# Try it:
Copy each line of the records exactly, stopping only after the line that contains "我慢できない隠し味ゼリー お肉バラエティ 50g×12袋" has been written, and leave pictures out.

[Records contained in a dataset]

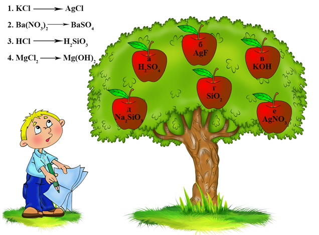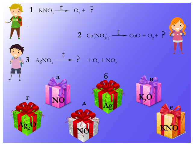 6. (4 балла) Помогите ребятам выбрать правильный подарок, чтобы закончить уравнения реакций. Ответ запишите в виде сочетания цифр и букв без пробелов и каких-либо знаков препинания, располагая цифры в порядке возрастания, например, 1а2б3в
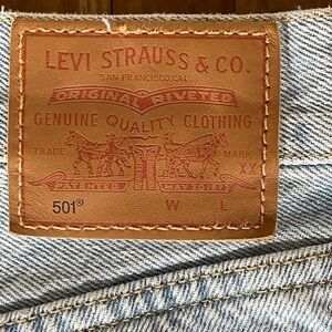 Levi’s 501 premium capital E button fly jeans big E light wash
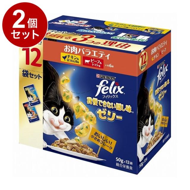 【2個セット】 ネスレ フィリックスパウチ 我慢できない隠し味ゼリー お肉バラエティ 50g×12袋
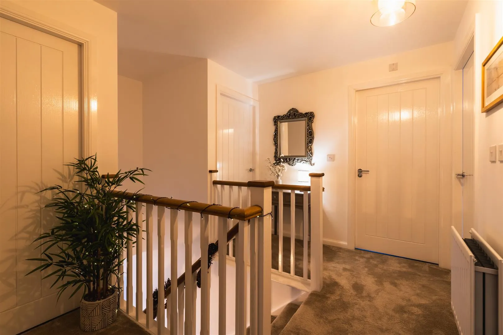 Having a pendant light point and a central heating radiator. Access can be gained to eaves storage. Timber doors open to bedroom 4, family bathroom, bedroom 3, bedroom 2, storage cupboard and master bedroom.
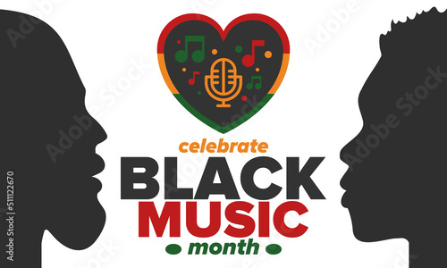 Black Music Month in June. African-American Music Appreciation Month. Celebrated annual in United States. Music concept. Poster, card, banner and background. Vector illustration
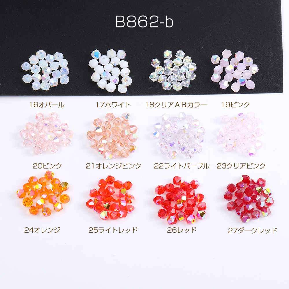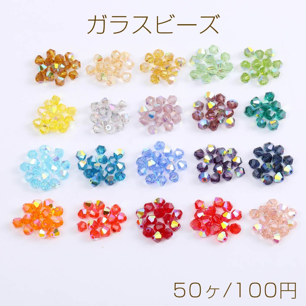 ガラスビーズ ガラスクリアビーズ ソロバンカット 4mm ABカラー No.16-27(50ヶ)
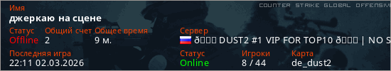 Играет на Counter Strike Global Offensive сервере. Страна: РоссияПервый раз замечен 20:55 02.03.2026
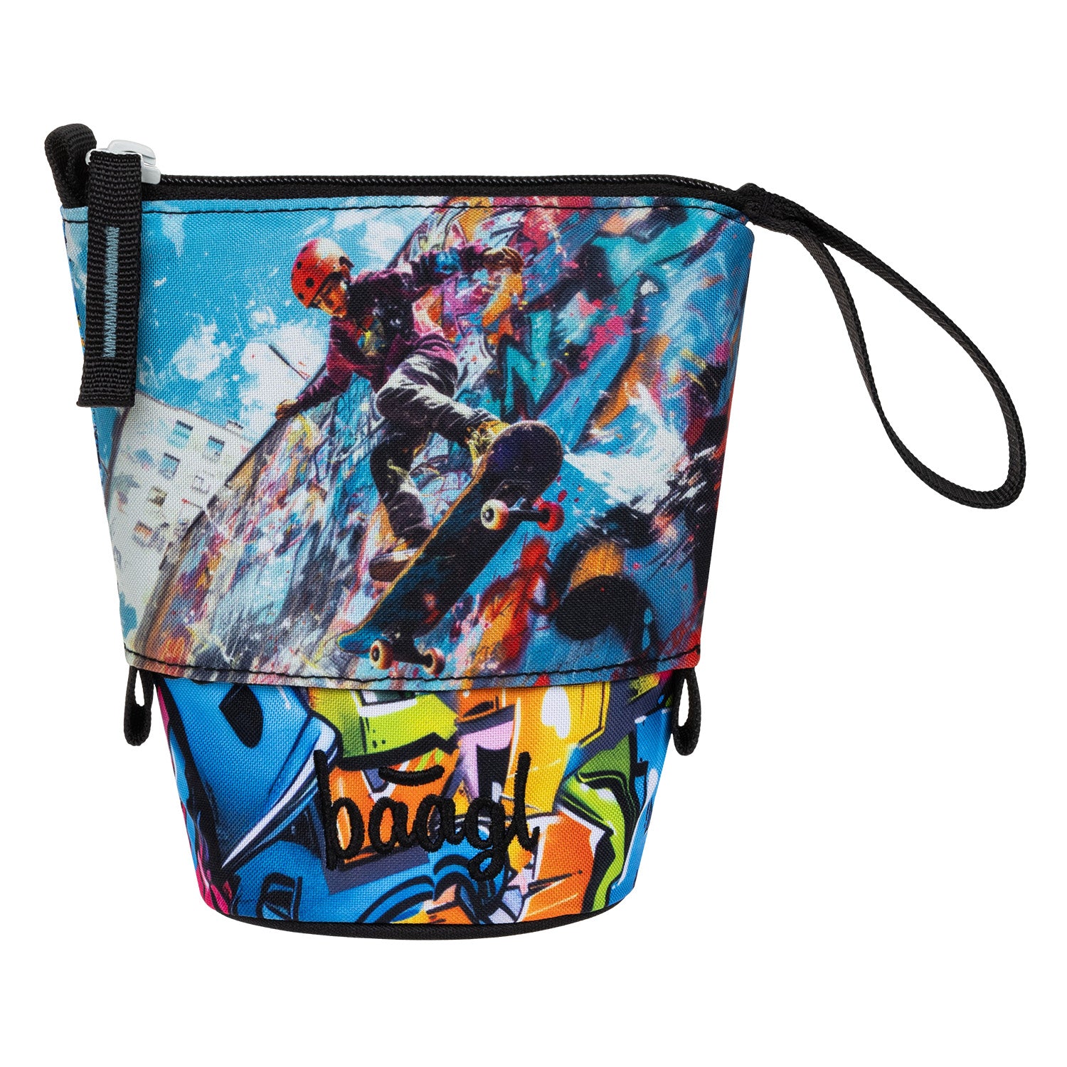 Stylowe etui, stworzone nie tylko z myślą o miłośnikach skateboardingu, które łatwo przekształcić w stojak — idealne do organizacji przyborów szkolnych.

# Output of the task:
 6. (4 балла) Помогите ребятам выбрать правильный подарок, чтобы закончить уравнения реакций. Ответ запишите в виде сочетания цифр и букв без пробелов и каких-либо знаков препинания, располагая цифры в порядке возрастания, например, 1а2б3в
 Levi’s 501 premium capital E button fly jeans big E light wash
 【2個セット】 ネスレ フィリックスパウチ 我慢できない隠し味ゼリー お肉バラエティ 50g×12袋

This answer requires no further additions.